Work instructions> For every record, give an exact copy that has no pictures in it.

Dataset entries:
Content starts

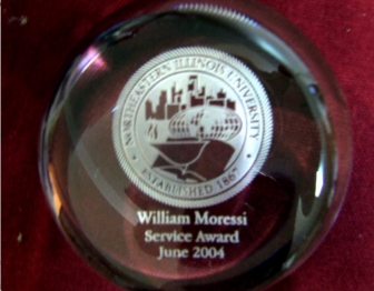 Northeastern Illinois University crystal Service Award — engraved "William Moressi, Service Award, June 2004."
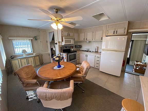 You’ll fall in love with this spacious 2 bedroom, 2 bathroom turnkey modular home where you own the land and dwelling boasting plenty of parking, outdoor seating and a backyard shed. This home flows beautifully from the open living/dining area into the attached Florida room. Extended off the kitchen is the laundry room. All appliances and furniture included, washer and dryer, stove, refrigerator, dining room table and chairs, 2 queen beds with new mattresses, sofa, 2 lazy boy recliners and much more. Plenty of closet and built in cabinets for storage. Many windows adding an air of sophistication. Very friendly, gated, no aged restrictions community. Vinyl siding, roof-over and humidistat. Amenity rich community, includes heated indoor and outdoor pools, jacuzzi, tennis and pickleball courts, and much more as well as several planned actives thought the year! 2 pet parks, across the street from Love Boat Ice Cream, minutes from Ft. Myers Beach and Sanibel Island as well as shopping. Make this your winter getaway, or your full time residence!
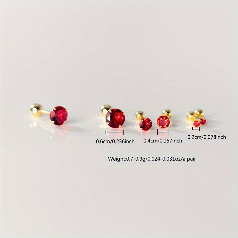 Zarif Vintage Uslubidagi Sterling Silver Stud Muntazamlari Qizil Zirconiya bilan - Gippoallergen va Ayollar uchun Kundalik Kiymak Uchun Mukammal
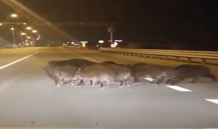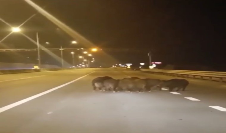 Mudanya ilçesi Mudanya Yolu üzerinde hızla seyreden otomobiller, yol üzerindeki karaltıyı görünce yavaşlamak zorunda kaldı. Cadde üzerine çıkan çok sayıda irilik ufaklı domuz, bir süre sağ şeridi işgal etti. Kaza yapmaktan son anda kurtulan otomobildekiler, cep telefonu kameralarıyla o anları saniye saniye kaydetti.
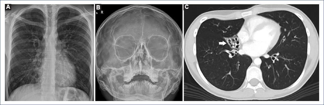 Los estudios radiológicos mostraron opacidad paracardiaca derecha que borraba parcialmente el borde cardiaco derecho y refuerzo de la trama broncovascular bilateral (Fig. 2A), alteración de los senos paranasales (Fig. 2B), bronquiectasias quísticas del lóbulo medio (Fig. 2C) y bronquiectasias cilíndricas en ambos lóbulos inferiores.
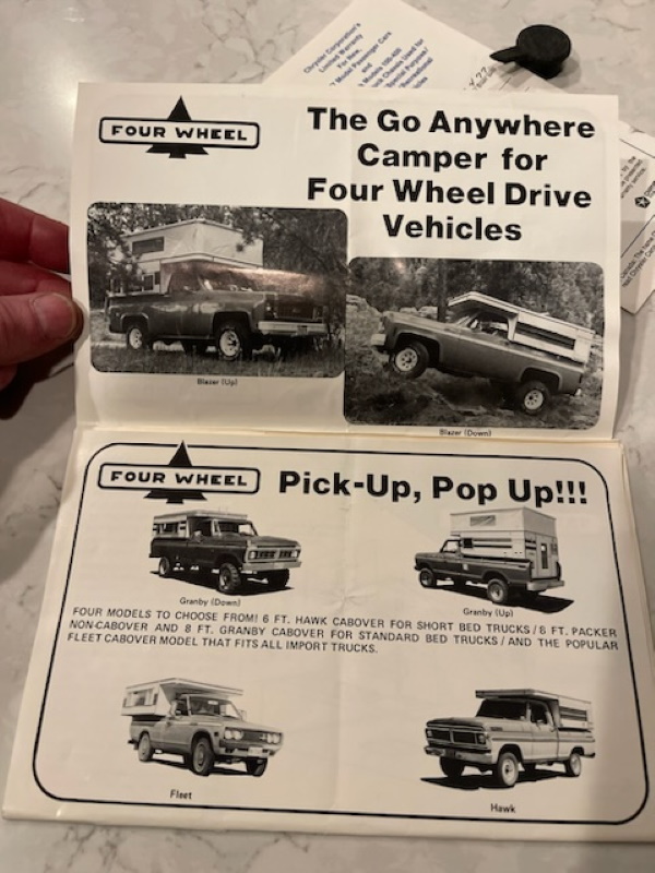 Four Wheel Camper was started in Denver, CO in 1972. Scott was able to reach out and chat with the son of the guy who started the company, and inquire about his particular setup. He informed Scott that they did not offer a dealer program, and each camper was custom built per individual owner's order. When he saw Scott's original documents, he informed Scott that while they built a great number of Bronco and Blazer campers, they did not do many Dodge or Plymouth units, and that the original owner of Scott's truck would have to had to go to them prior to purchasing the truck, to spec out the camper and have it built in time to have it installed once he purchased the new truck. Four Wheel Camper did not pre-build campers and have them in inventory ahead of time. He mentioned the fact that most campers sold went to owners who had already owned the vehicle for a period of time. Since the one on Scott's truck has been on there since the truck was delivered new, it may be a one of a kind.
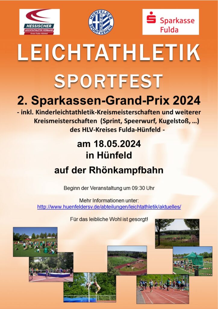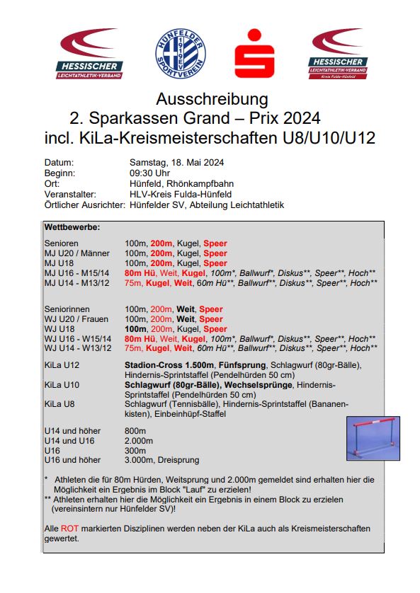 Vorschau: 2. Sparkassen-Grand-Prix 2024 incl. KiLa-Kreismeisterschaften, … am 18.05.2024 in Hünfeld auf der Rhönkampfbahn
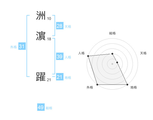 洲濵 躍さんの人格は39画の5点!

Content ends

Result below>
 Northeastern Illinois University crystal Service Award — engraved "William Moressi, Service Award, June 2004."
 You’ll fall in love with this spacious 2 bedroom, 2 bathroom turnkey modular home where you own the land and dwelling boasting plenty of parking, outdoor seating and a backyard shed. This home flows beautifully from the open living/dining area into the attached Florida room. Extended off the kitchen is the laundry room. All appliances and furniture included, washer and dryer, stove, refrigerator, dining room table and chairs, 2 queen beds with new mattresses, sofa, 2 lazy boy recliners and much more. Plenty of closet and built in cabinets for storage. Many windows adding an air of sophistication. Very friendly, gated, no aged restrictions community. Vinyl siding, roof-over and humidistat. Amenity rich community, includes heated indoor and outdoor pools, jacuzzi, tennis and pickleball courts, and much more as well as several planned actives thought the year! 2 pet parks, across the street from Love Boat Ice Cream, minutes from Ft. Myers Beach and Sanibel Island as well as shopping. Make this your winter getaway, or your full time residence!
 Zarif Vintage Uslubidagi Sterling Silver Stud Muntazamlari Qizil Zirconiya bilan - Gippoallergen va Ayollar uchun Kundalik Kiymak Uchun Mukammal
 Mudanya ilçesi Mudanya Yolu üzerinde hızla seyreden otomobiller, yol üzerindeki karaltıyı görünce yavaşlamak zorunda kaldı. Cadde üzerine çıkan çok sayıda irilik ufaklı domuz, bir süre sağ şeridi işgal etti. Kaza yapmaktan son anda kurtulan otomobildekiler, cep telefonu kameralarıyla o anları saniye saniye kaydetti.
 Los estudios radiológicos mostraron opacidad paracardiaca derecha que borraba parcialmente el borde cardiaco derecho y refuerzo de la trama broncovascular bilateral (Fig. 2A), alteración de los senos paranasales (Fig. 2B), bronquiectasias quísticas del lóbulo medio (Fig. 2C) y bronquiectasias cilíndricas en ambos lóbulos inferiores.
 Four Wheel Camper was started in Denver, CO in 1972. Scott was able to reach out and chat with the son of the guy who started the company, and inquire about his particular setup. He informed Scott that they did not offer a dealer program, and each camper was custom built per individual owner's order. When he saw Scott's original documents, he informed Scott that while they built a great number of Bronco and Blazer campers, they did not do many Dodge or Plymouth units, and that the original owner of Scott's truck would have to had to go to them prior to purchasing the truck, to spec out the camper and have it built in time to have it installed once he purchased the new truck. Four Wheel Camper did not pre-build campers and have them in inventory ahead of time. He mentioned the fact that most campers sold went to owners who had already owned the vehicle for a period of time. Since the one on Scott's truck has been on there since the truck was delivered new, it may be a one of a kind.
 Vorschau: 2. Sparkassen-Grand-Prix 2024 incl. KiLa-Kreismeisterschaften, … am 18.05.2024 in Hünfeld auf der Rhönkampfbahn
 洲濵 躍さんの人格は39画の5点!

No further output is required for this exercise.